Jadi yang dimaukan bukanlah langit yang diciptakan Allah.
تَنۡبِيهٌ:
ذَكَرَ الۡمُؤَلِّفُ - رَحِمَهُ اللهُ - أَنَّهُ نَقَلَ عَنۡ بَعۡضِ الۡكُتُبِ
الۡمُتَقَدِّمَةِ أَنَّ مِنۡ عَلَامَاتِ النَّبِيِّ ﷺ وَأَصۡحَابِهِ أَنَّهُمۡ
يَسۡجُدُونَ بِالۡأَرۡضِ وَيَزۡعُمُونَ أَنَّ إِلَٰهَهُمۡ فِي السَّمَاءِ،
وَهَٰذَا النَّقۡلُ غَيۡرُ صَحِيحٍ لِأَنَّهُ لَا سَنَدَ لَهُ، وَلِأَنَّ
الۡإِيمَانَ بِعُلُوِّ اللهِ وَالسُّجُودَ لَهُ لَا يَخۡتَصَّانِ بِهَٰذِهِ
الۡأُمَّةِ وَمَا لَا يَخۡتَصُّ لَا يَصِحُّ أَنۡ يَكُونَ عَلَامَةً، وَلِأَنَّ
التَّعۡبِيرَ بِالزَّعۡمِ فِي هَٰذَا الۡأَمۡرِ لَيۡسَ بِمَدۡحٍ لِأَنَّ
أَكۡثَرَ مَا يَأۡتِي الزَّعۡمُ فِيمَا يُشَكُّ فِيهِ.

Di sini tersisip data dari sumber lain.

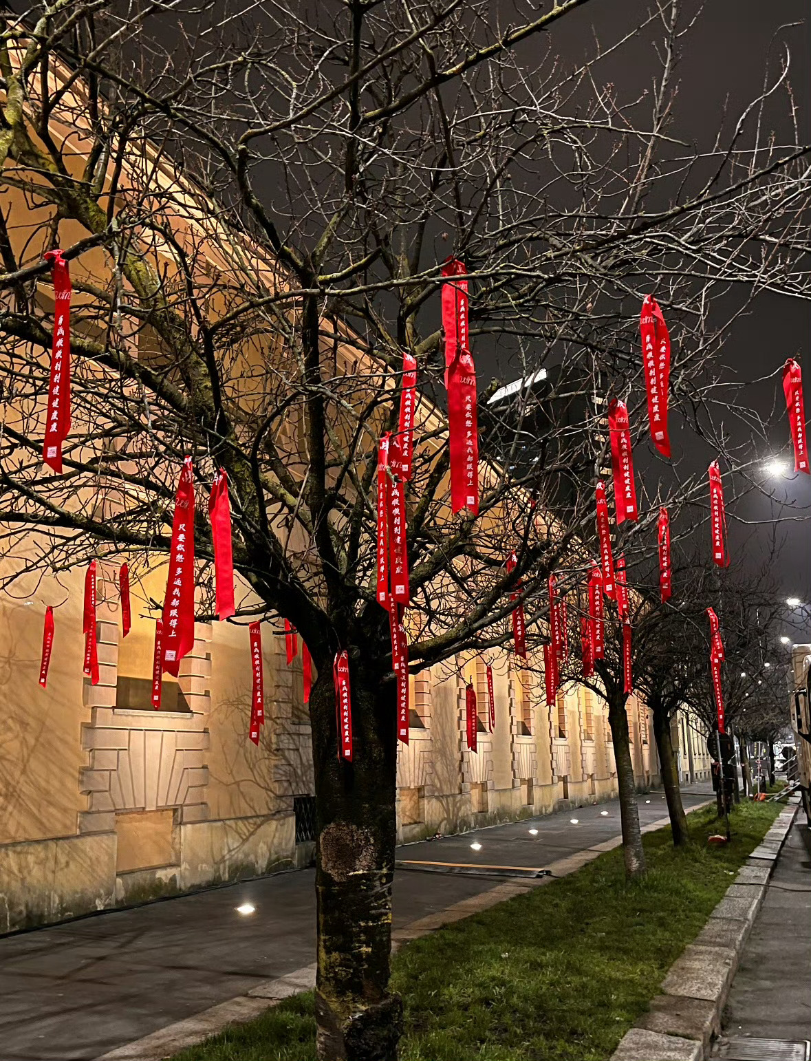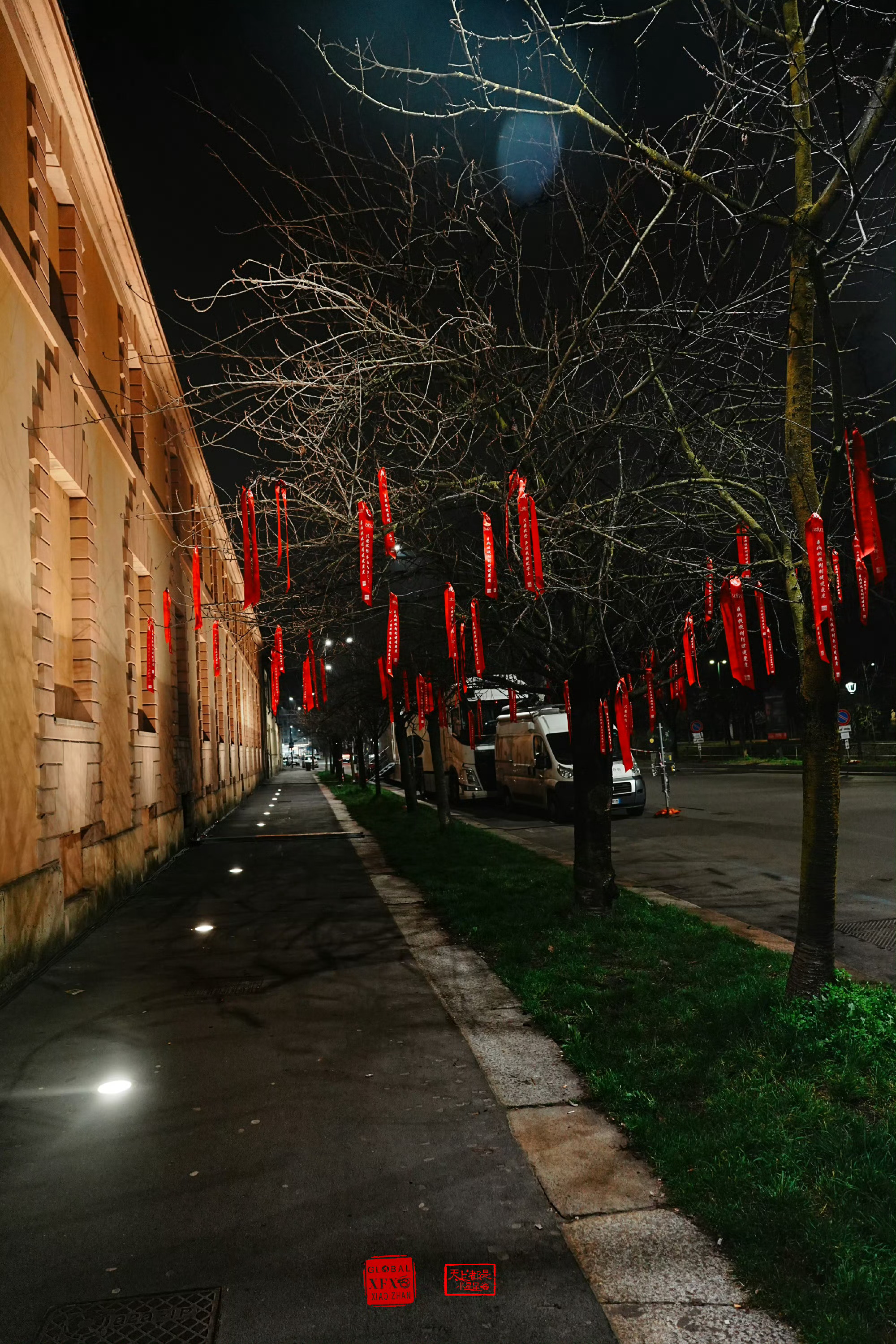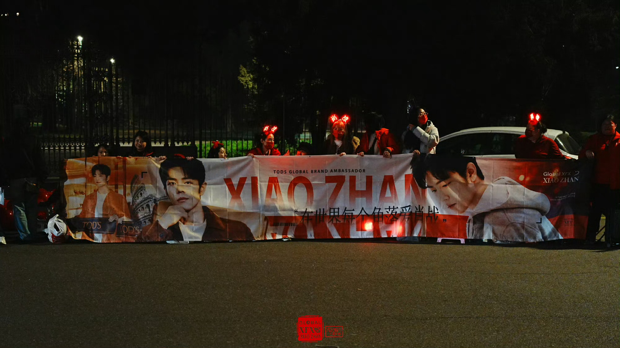 肖战米兰线下应援 肖战米兰线下应援🈶海外小飞侠夜拍,用红色气球、横幅和祝福组成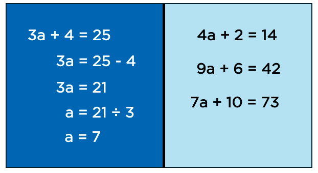 For example, in maths, a teacher might complete the task shown on the left-hand side (below), after which students are given three related tasks to complete themselves. The worked example remains visible whilst students complete the first two tasks but is removed when students are asked to complete the third. They should do this without being able to look back at the first two examples they have already completed. For example, the teacher might ask students to do this on a new page in their jotters.

Peringatan: Mualif—rahimahullah—menyebutkan bahwa beliau menukil dari sebagian
kitab terdahulu bahwa termasuk tanda-tanda Nabi—shallallahu ‘alaihi wa
sallam—dan para sahabatnya bahwa mereka sujud di muka bumi dan menganggap
bahwa tuhan mereka di atas langit. Penukilan ini tidak sahih karena tidak
memiliki sanad dan karena keimanan terhadap ketinggian Allah dan sujud
kepada-Nya tidak dikhususkan untuk umat ini. Semua yang bukan kekhususan
berarti tidak benar untuk menjadi sebuah tanda. Juga penggunaan ungkapan
dengan kata za’ama dalam perkara ini tidak tepat karena seringnya za’ama
digunakan untuk perkara yang masih diragukan.
[3]
جَوَابُ الۡإِمَامِ مَالِكِ بۡنِ أَنَسِ بۡنِ مَالِكٍ:
وَلَيۡسَ أَبُوهُ أَنَسَ بۡنَ مَالِكٍ الصَّحَابِيَّ بَلۡ غَيۡرَهُ وَكَانَ
جَدُّ مَالِكٍ مِنۡ كِبَارِ التَّابِعِينَ، وَأَبُو جَدِّهِ مِنَ الصَّحَابَةِ.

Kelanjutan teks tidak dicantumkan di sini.